INPUT DATA:
____

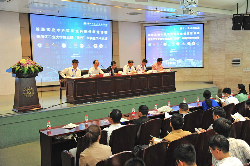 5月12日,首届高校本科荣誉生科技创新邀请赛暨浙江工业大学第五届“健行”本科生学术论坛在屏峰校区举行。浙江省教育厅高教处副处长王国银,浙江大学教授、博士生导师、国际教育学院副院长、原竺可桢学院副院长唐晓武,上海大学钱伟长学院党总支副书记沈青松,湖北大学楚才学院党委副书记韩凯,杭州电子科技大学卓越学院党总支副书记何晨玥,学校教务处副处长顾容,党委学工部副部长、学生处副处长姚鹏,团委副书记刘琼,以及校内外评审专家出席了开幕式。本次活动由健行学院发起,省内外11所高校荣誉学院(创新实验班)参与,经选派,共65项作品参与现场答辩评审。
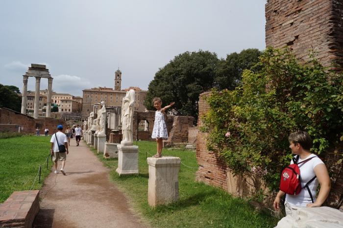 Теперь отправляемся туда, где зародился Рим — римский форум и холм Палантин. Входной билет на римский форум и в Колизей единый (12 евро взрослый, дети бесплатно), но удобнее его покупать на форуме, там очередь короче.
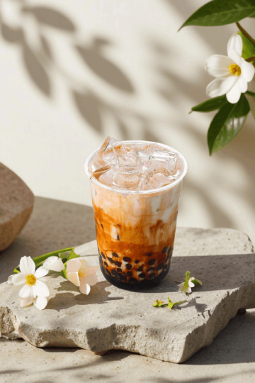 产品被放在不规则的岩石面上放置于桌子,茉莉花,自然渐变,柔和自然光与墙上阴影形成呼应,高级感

____

ASSIGNMENT:
No image belongs in the copy. Transcribe the full listing verbatim.

COMPLETED TASK:
 5月12日,首届高校本科荣誉生科技创新邀请赛暨浙江工业大学第五届“健行”本科生学术论坛在屏峰校区举行。浙江省教育厅高教处副处长王国银,浙江大学教授、博士生导师、国际教育学院副院长、原竺可桢学院副院长唐晓武,上海大学钱伟长学院党总支副书记沈青松,湖北大学楚才学院党委副书记韩凯,杭州电子科技大学卓越学院党总支副书记何晨玥,学校教务处副处长顾容,党委学工部副部长、学生处副处长姚鹏,团委副书记刘琼,以及校内外评审专家出席了开幕式。本次活动由健行学院发起,省内外11所高校荣誉学院(创新实验班)参与,经选派,共65项作品参与现场答辩评审。
 Теперь отправляемся туда, где зародился Рим — римский форум и холм Палантин. Входной билет на римский форум и в Колизей единый (12 евро взрослый, дети бесплатно), но удобнее его покупать на форуме, там очередь короче.
 产品被放在不规则的岩石面上放置于桌子,茉莉花,自然渐变,柔和自然光与墙上阴影形成呼应,高级感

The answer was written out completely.